You May Be Living In A Scorpion Hot Spot

By Jim Becker, KOLD News 13 Reporter

They are armed predators that come out at night and like to sneak into your home.

Many of us moving into the outskirts of Tucson, into open desert are finding company-- with a sting-- scorpions.

The Bark Scorpion is the one homeowners are most likely to encounter, 99-percent of the time, according to Stephan Poulin of the Arizona Sonora Desert Museum.

The Bark Scorpion gets its name because it favors climbing on mesquite trees, and it can climb the wall of your home.

It's small, about the size of a pinky fingertip fully grown, but its sting packs a wallop.

"Pins and needles," explains Poulin.  "It's not something I'd want to experience again."

Poulin received his greeting from a bark scorpion after he picked up a Desert Tortoise.

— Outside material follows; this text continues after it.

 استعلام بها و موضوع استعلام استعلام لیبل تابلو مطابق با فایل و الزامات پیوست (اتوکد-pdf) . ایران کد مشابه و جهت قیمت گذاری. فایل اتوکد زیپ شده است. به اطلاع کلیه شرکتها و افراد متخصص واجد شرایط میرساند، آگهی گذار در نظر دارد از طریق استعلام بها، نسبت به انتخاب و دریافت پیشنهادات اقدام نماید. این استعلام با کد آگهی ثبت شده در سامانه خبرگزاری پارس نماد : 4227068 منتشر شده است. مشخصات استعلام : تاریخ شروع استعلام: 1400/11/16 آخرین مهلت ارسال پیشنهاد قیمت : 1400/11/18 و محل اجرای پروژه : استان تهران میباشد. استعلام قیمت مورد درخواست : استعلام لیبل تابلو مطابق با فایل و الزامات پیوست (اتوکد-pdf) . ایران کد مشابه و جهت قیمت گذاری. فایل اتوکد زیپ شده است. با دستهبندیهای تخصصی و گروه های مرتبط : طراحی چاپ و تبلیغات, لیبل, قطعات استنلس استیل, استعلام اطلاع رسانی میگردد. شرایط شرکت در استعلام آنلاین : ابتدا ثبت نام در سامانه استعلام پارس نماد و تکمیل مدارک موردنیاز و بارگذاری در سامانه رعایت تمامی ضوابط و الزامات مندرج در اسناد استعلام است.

The creature was hanging on the underside and stung his finger when he inadvertently squeezed it.

The bark scorpion likes to squeeze through cracks and crevices.

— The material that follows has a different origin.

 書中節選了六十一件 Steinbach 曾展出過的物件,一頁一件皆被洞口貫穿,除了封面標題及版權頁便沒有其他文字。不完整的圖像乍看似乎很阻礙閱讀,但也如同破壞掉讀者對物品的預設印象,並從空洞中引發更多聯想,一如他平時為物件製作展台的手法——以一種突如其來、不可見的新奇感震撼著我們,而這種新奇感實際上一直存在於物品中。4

A good rule of thumb-- if you can fit a credit card into the crack, a scorpion can get through.

Homeowners are likely to encounter them if they live in Oro Valley or Marana, with zip codes 85737, 85739, and 85742, typically around newly developed areas.

Scorpions are also easy to find near the Tucson Mountains, at zip code 85735, in the Catalina Foothills, 85718, 85750, or 85749, and to the southeast, in Rita Ranch, Vail, and Corona de Tucson, 85747 and 85741.

Experts say if you're stung, put ice on the affected area.  If irritation persists or additional side effects occur, call 911 and get to the hospital.

The sting from a Bark Scorpion can be very dangerous to people with medical conditions, infants and the elderly.

An LED UV light can help you spot them glowing in the night, and if you have barbeque tongs and a bucket, you can pick them up around your yard.

Do this a few times a week for a couple weeks, and you'll get rid of them, say experts.